Open-Label Phase 1/2 Study of Daratumumab-Based Desensitization Before Kidney Transplantation

Caroline Pilon; Nizar Joher; Cédric Usureau; Emmanuelle Boutin; Anna Boueilh; Jean-Luc Taupin; Allan Thiolat; José L Cohen; Vissal David Kheav; Florence Canoui-Poitrine; Maryvonnick Carmagnat; Philippe Grimbert; Marie Matignon

doi:10.1016/j.ekir.2024.08.020

Open-Label Phase 1/2 Study of Daratumumab-Based Desensitization Before Kidney Transplantation

Kidney Int Rep. 2024 Aug 26;9(11):3250-3264. doi: 10.1016/j.ekir.2024.08.020. eCollection 2024 Nov.

Authors

Caroline Pilon^{1

2}, Nizar Joher³, Cédric Usureau^{4

5}, Emmanuelle Boutin^{1

6}, Anna Boueilh³, Jean-Luc Taupin^{5

6}, Allan Thiolat¹, José L Cohen^{1

2}, Vissal David Kheav⁵, Florence Canoui-Poitrine^{1

4}, Maryvonnick Carmagnat⁵, Philippe Grimbert^{1

2

3}, Marie Matignon^{1

3}

Affiliations

¹ Universite Paris Est Creteil, INSERM IMRB U955, Créteil, France.
² Assistance Publique-Hôpitaux de Paris, Groupe hospitalo-universitaire Chenevier Mondor, Centre d'Investigation Clinique Biotherapy, Fédération hospitalo-Universitaire, Innovative therapy for immune disorders, Créteil, France.
³ Department of Nephrology and Renal Transplantation, Assistance Publique-Hôpitaux de Paris, Groupe hospitalo-universitaire Chenevier Mondor, Fédération Hospitalo-Universitaire, Innovative therapy for immune disorders, Créteil, France.
⁴ Laboratoire d'Immunologie et Histocompatibilité, Hôpital Saint Louis, Paris, France.
⁵ INSERM UMR976, Institut de Recherche Saint-Louis, Université de Paris-Cité, Paris, France.
⁶ Assistance Publique-Hôpitaux de Paris, Hôpitaux Universitaires Henri Mondor-Albert Chenevier, Public Health Department and URC, Créteil, France.

Abstract

Introduction: The safety and benefit of the anti-CD38 monoclonal antibody daratumumab, which induces lysis of antibody-producing plasma cells in sensitized patients prior to kidney transplantation, remain to be determined.
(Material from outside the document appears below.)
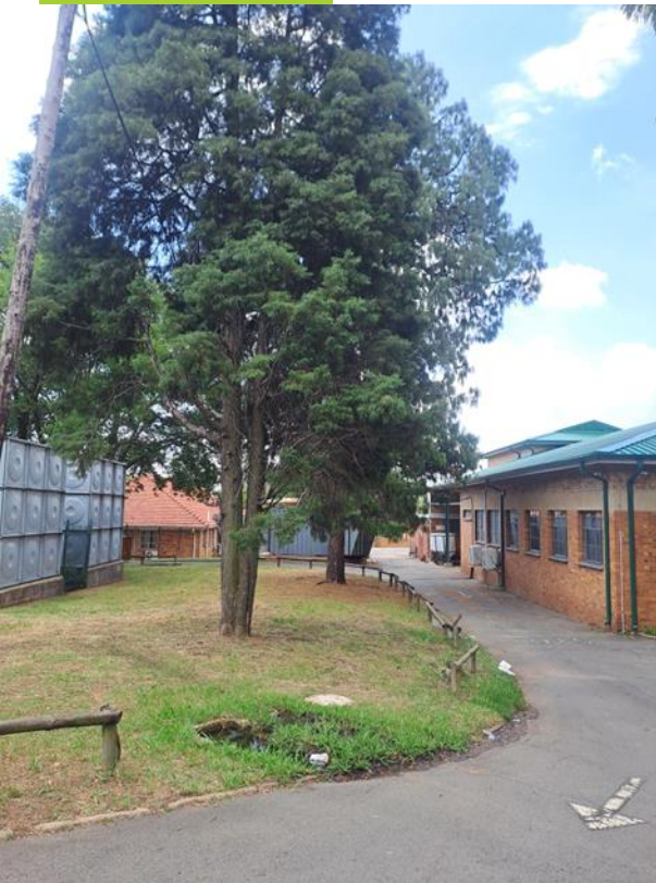
Image 3 Crown lifting
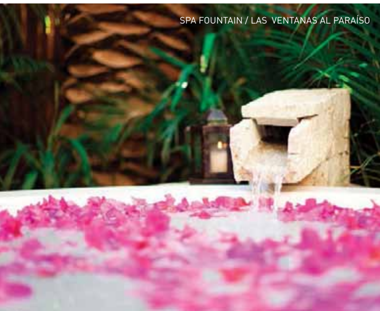
SPA FOUNTAIN / LAS VENTANAS AL PARAÍSO

Methods: A 2-phase (1 and 2), monocentric open-label study was conducted to evaluate the month 6 (M6) safety and efficacy of daratumumab in kidney transplant candidates with calculated panel reactive antibody (cPRA) > 95%. In the first (safety) phase, we used 4-weekly escalating doses of daratumumab. Phase 2 tested desensitization with 8 weekly infusions of 16 mg/kg daratumumab. cPRA 10,000 was calculated considering only human leukocyte antigen (HLA) antibodies with mean fluorescence intensity (MFI) of > 10,000.
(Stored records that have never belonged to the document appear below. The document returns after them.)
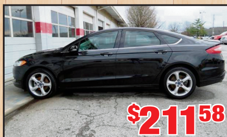
2014 Ford Fusion SE Stk#TT310C Sale Price: $12,359 • 72 Mos
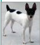
Toy Fox Terrier

Some interesting information about Puppy Sensory testing was discussed, to make confident little dogs and we all learned that raspberry leaves are a good addition for any bitch that is either already pregnant or we hope for them to become pregnant. The reasons why were well discussed and we have all cleaned out the health food stores and bulk bins around Nanaimo to stock up. Did you know that crushed almonds are good for males with low sperm count?
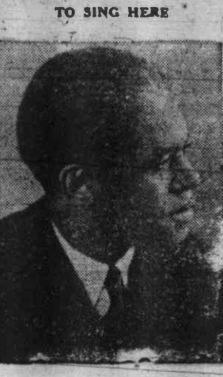
ROLAND HAYES, Celebrated Tenor who will be heard in a recital in the North Carolina College new auditorium Monday evening at eight o'clock. Indications already point to a sellout for the appearance of Mr. Hayes at the local institution.

Results: Nine patients were enrolled in phase 1 and 14 in phase 2. Safety analysis showed 4 serious non-treatment-emergent adverse events (non-TEAEs), 36 mild TEAEs, mostly infusion-related reactions, grade 1 and 2 (causing 2 temporary drug discontinuations), but no serious TEAEs. Significant reductions in anti-HLA antibodies were observed at month 3 (M3), with cPRA 10,000 (P = 0.003), number of anti-HLA (P < 0.001), maximum MFI (MFI max) (P = 0.053), and the sum of MFI (MFI sum) (P < 0.001), with complete return to baseline levels at month 12 (M12). At M6, 46.15% (19.22%-74.87%) and 76.92% (46.19%-94.96%) of patients showed sustained response (1% decrease in cPRA) for cPRA 2000 and 10,000, respectively. At month 1 (M1), immune cells (T-reg, CD8 + TEMRA, CD19 + CD138 + B cells, and NK cells) significantly decreased. At M3, other antibodies decreased significantly, but returned to baseline levels at M12, except for gamma globulins, without any infectious complications.
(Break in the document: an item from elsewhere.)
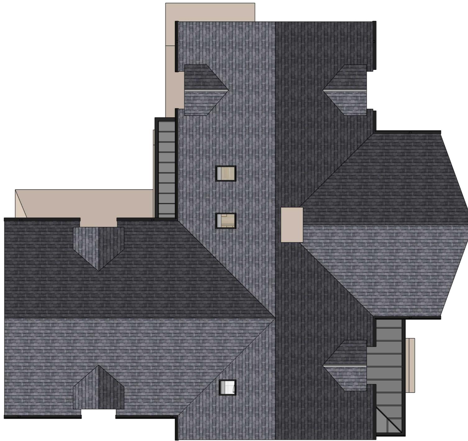
ROOF PLAN AS PROPOSED 1:100 @A2

Conclusion: The first use of daratumumab in desensitization demonstrated infusion-related adverse (AEs) events and rapid, albeit transient, reductions in anti-HLA antibodies, with less than 40% of durable responders, limiting its potential clinical use.

Keywords: lymphocytes; pharmacokinetics; translational; transplantation.